Lord Belial
The Black Curse
6.3
Critiquing an album solely by how it stacks up to the norms of the genre it inhabits seems limiting to me. In my mind, context clearly has to play a part in the evaluation of any work of art, but a reviewer can get caught up in comparisons to genre peers and miss the real value of the art, whether it fits squarely in a pre-existing genre or not. I think this is an obvious point. I bring it up because The Black Curse seems more than happy coloring inside the lines and pushing a clean melodic black metal sound on its listeners. Accordingly, I'll review it merely as melodic black metal, because, sadly, there really isn't much else going on here (save for some symphonic touches).
All the requisite pieces are here: black metal vocals, cold guitar riffs, blastbeats, and occasional symphonic keyboards and string sections to add depth. But the pieces don't fit together to create much of interest (especially over 52 and a half minutes). This is standard Swedish black metal stuff, and it's not bad. It's just not particularly interesting either. The vocals recall Dimmu Borgir more than Marduk. The riffs are serviceable and often melodic but usually not too grabbing, though the talent is obvious. And then there's the issue of the drums: they're way too processed and that annoyance drags this standard fare down a notch (the upshot of this production is the loud-and-clear bass). So it's vanilla at best. And change-ups, when they appear, fail to impress. Spoken word breaks like at 2:10 of "Antichrist Reborn" only hurt songs that already had trouble feeding fire to the engine. (Though the clean vocals that follow in this song at least change things up for the short while they last).

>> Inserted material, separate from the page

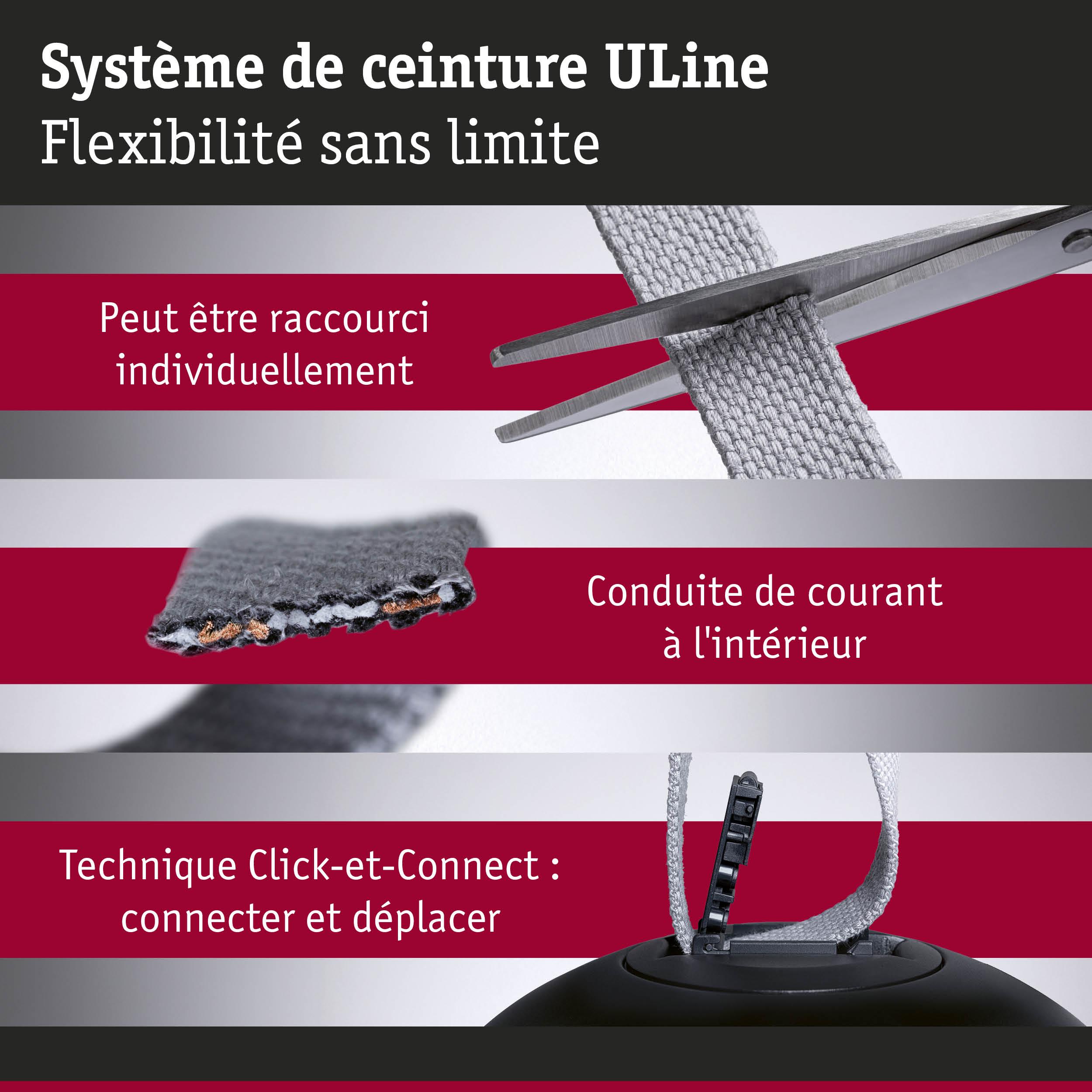 Le kit de base 150 W du système ULine fournit une base idéale pour une conception individuelle de l'éclairage. Le kit est disponible à un prix réduit et comprend une sangle noire de 5 m (94630) / 10 m (94631), des pinces, le support droit, des embouts de finition, des caches, l'alimentation électrique, un cache pour transformateur et un transformateur puissant. Des luminaires et des supports supplémentaires peuvent être ajoutés selon les besoins. Le système de sangle ULine est une solution innovante pour des expériences d'éclairage uniques dans toutes les dimensions de la pièce et permet une mise en scène lumineuse ciblée sur les murs, Decken et les sols.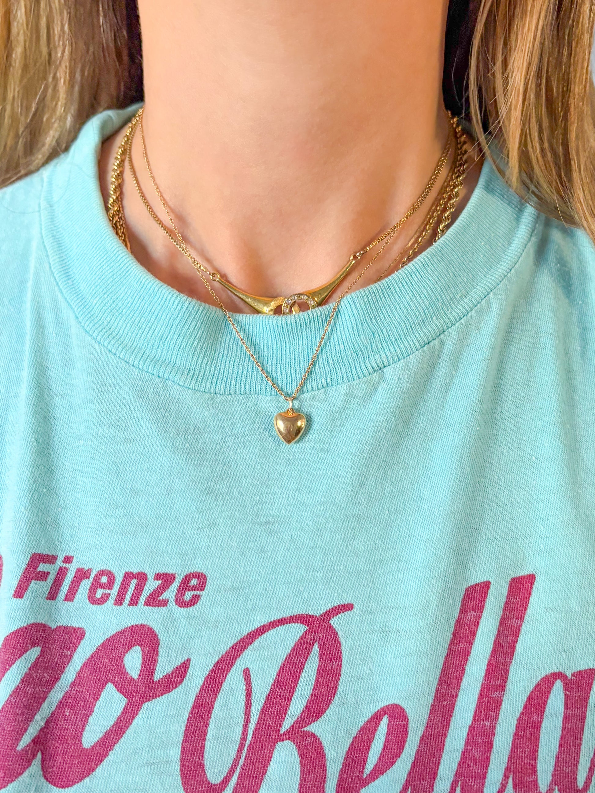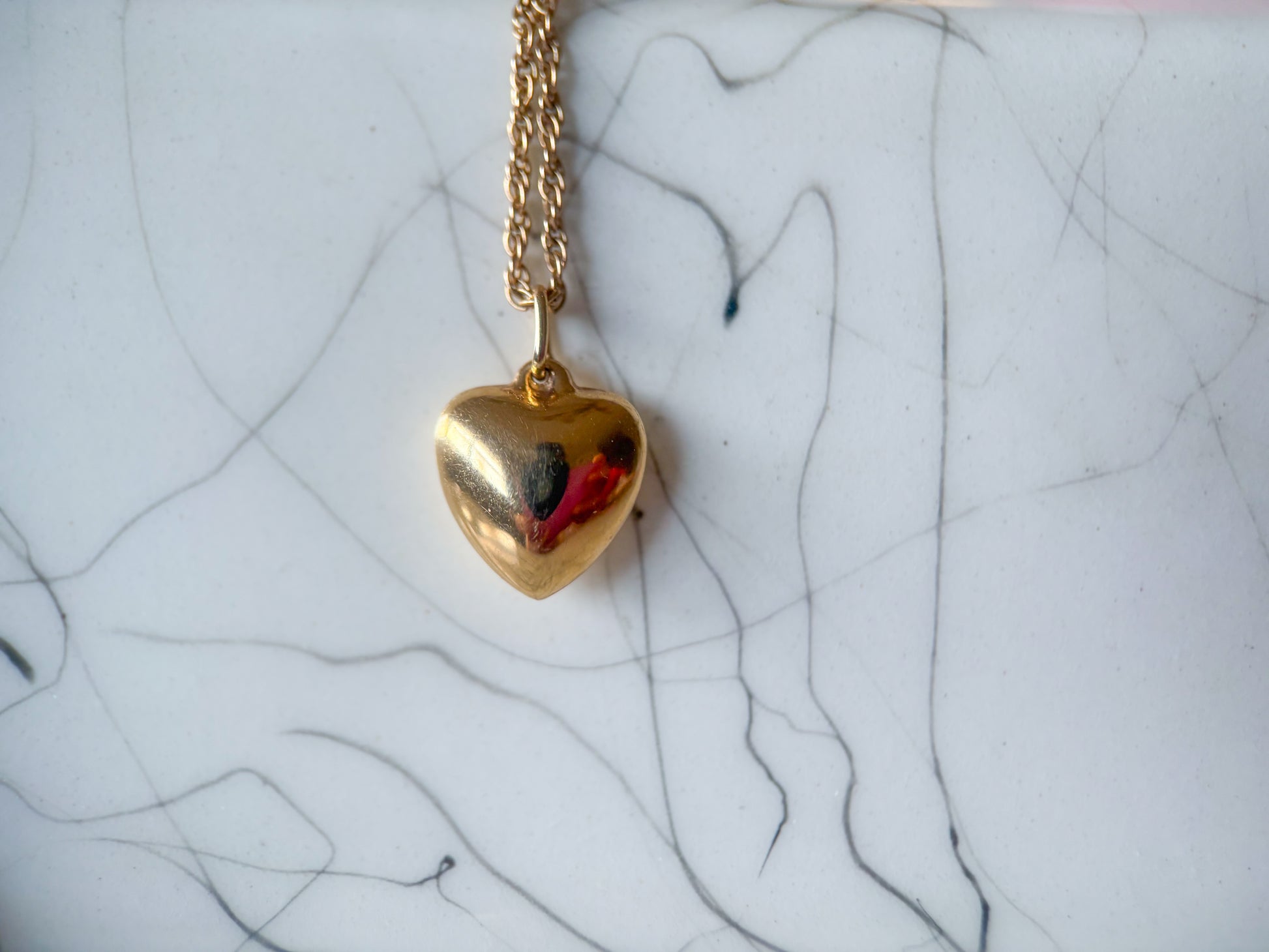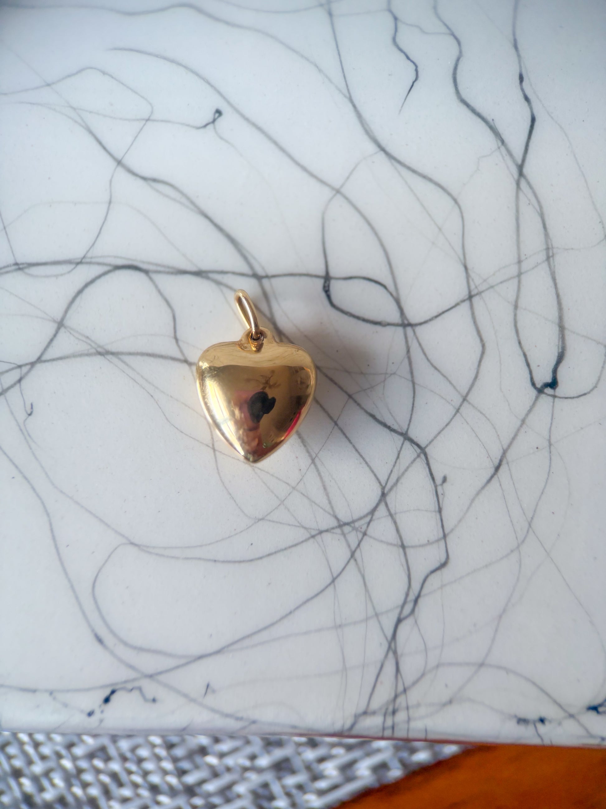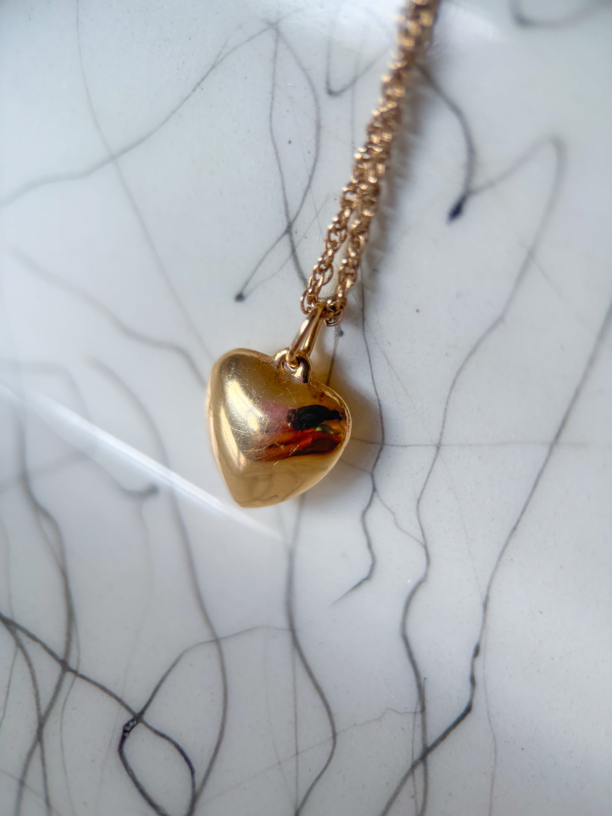 Sweet, vintage, mini, puffy, shiny heart. Made with 14k yellow gold. Chain not included.

In the end, Lord Belial's biggest problem, in my humble opinion, is their desire to play melodic black metal to the exclusion of anything else. The band relies too heavily on a formula with a short shelf life. When they hit the target dead center (the opening sections of "Trumpets of Doom" and "Primordial Incantation" and most of "Unorthodox Catharsis" and "Soulgate" for example) it's interesting enough. And the soaring guitars do a lot to pull these tunes out of schtick territory, but the bottom line is a processed-sounding melodic black metal record that lacks bite and reason. "Devilish Enlightenment" and "Inexorable Retribution" are never more than boring. I've read a lot of positive words written about this album, but I just can't get into it at all. Lord Belial provide no good argument here for me not to simply spin a Limbonic Art album when I want a melodic black metal fix.